The fire service has changed dramatically, he reflects, during his three decades in the field. One aspect that remains the same, though, is a determination to keep this community safe. “The people most at risk of dying in a fire are the very young and the very old,” he says. “They have the least ability to escape.” Alcohol use factors into many fire tragedies, he adds, as does victims’ socioeconomic status: “Often they don’t live in properties that are as fire-safe and don’t have the resources to advocate for themselves.”

Building practices have changed since he joined the fire service, he notes, prompting changes in how fire fighters approach each incident. “Fires burn hotter and faster now, due to building with more synthetic materials. That’s changed how we fight them,” he says. And it has increased the danger. In the 1970s, occupants generally had 30 minutes to escape a house fire. Now, he says, that time could be cut to as little as three and one-half minutes. That has made the early warning provided by smoke detectors essential: “That early notification is absolutely the key to saving lives.”

The pace of fires has picked up, he explains, because homes and apartments are now being built with  more lightweight materials; instead of the 2x12s of which traditional floors were built, a grid of 2x4s is now nailed together with metal plates. “Fire heats up the plates, the nails pop out, and the assemblies fail,” he suggests.

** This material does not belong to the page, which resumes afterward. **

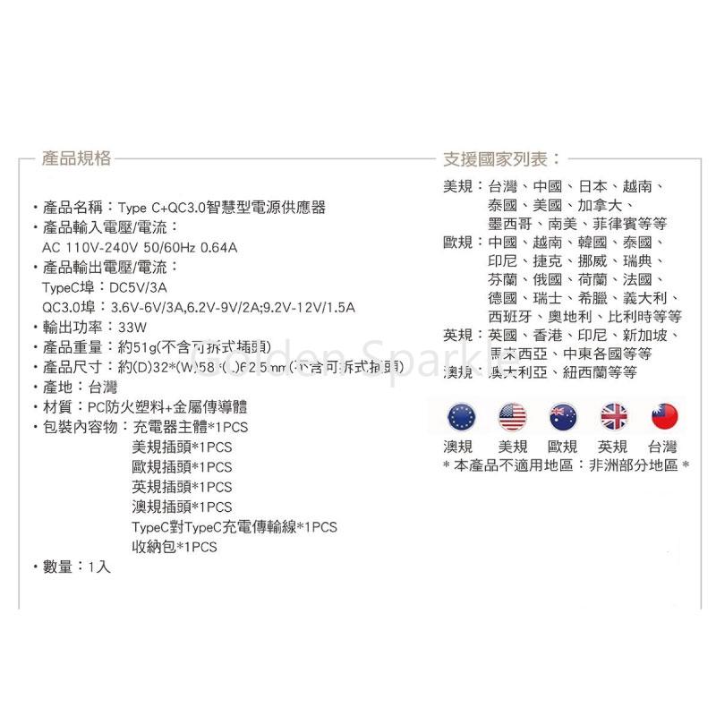 產品名稱:TypeC+QC3.0智慧型電源供應器 產品輸入電壓/電流: AC 110-240V 50/60Hz,0.64A 產品輸出電壓/電流: TypeC埠:DC5V/3A QC3.0埠:3.6V-6V/3A ; 6.2V-9V/2A;9.2V-12V/1.5A 輸出功率:33W 產品重量:約51g(不含可拆式插頭) 產品尺寸:約32(D)X58(W)X62.5(L)mm (不含可拆式插頭) 產地:台灣 材質: PC防火塑料+金屬傳導體 包裝內容:充電器主體X1PCS 美規插頭X1PCS 歐規插頭X1PCS 英規插頭X1PCS 澳規插頭X1PCS Tpyec對Tpyec充電器傳輸線X1PCS 收納包X1PCS 通過BSMI認證 |

Many materials like plywood and OSB (oriented strand board) are more also more flammable than the solid wood that predated them. That means, he says, that fire can climb from the floor to the roof in as little as 10 minutes, compared with 30 minutes to an hour in the past. “We used to have more time to assess the situation when we arrived,” he says. “Now our very first priority is getting water on the fire.” Vinyl siding, too, accelerates the pace. Once ignited, the highly flammable siding gives off vapors as it races up the side of the building into the attic.

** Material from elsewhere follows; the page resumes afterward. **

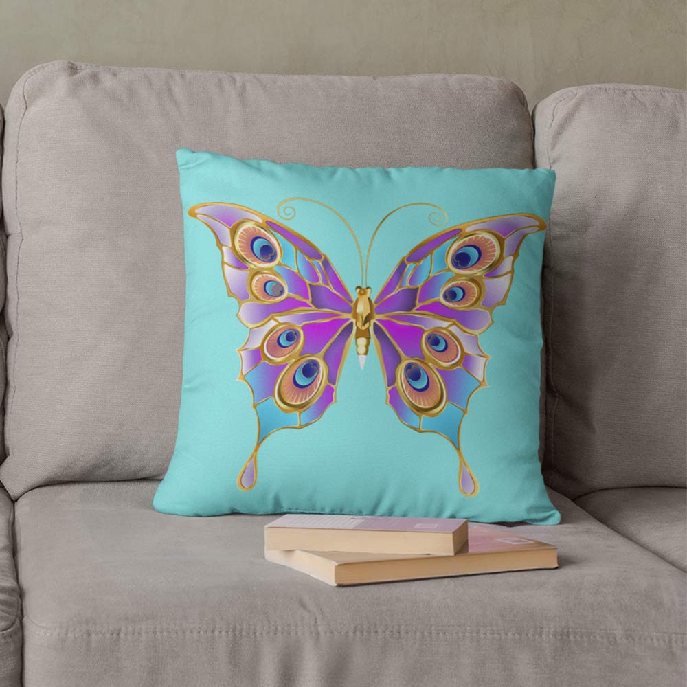 A strategically placed accent can bring the whole room to life with this beautiful butterfly design with a soft blue background pillow is just what you need to do that. Mix and match styles for a beautiful pop in a room, What's more, the soft, machine-washable case with the shape-retaining insert is a joy to have long afternoon naps on.

How do professional fire fighters overcome the instinctive human urge to run away from imminent danger? How do they learn, instead, to run toward it? “It’s a matter of training and education about the danger and the risks – knowing what needs to be done to stop it,” Jeff explains. “We take calculated risks in situations, yes, but when we go in, we know what needs to be done.

“Fire follows the natural laws of physics. We spend our lives preparing to stop the harm from happening.”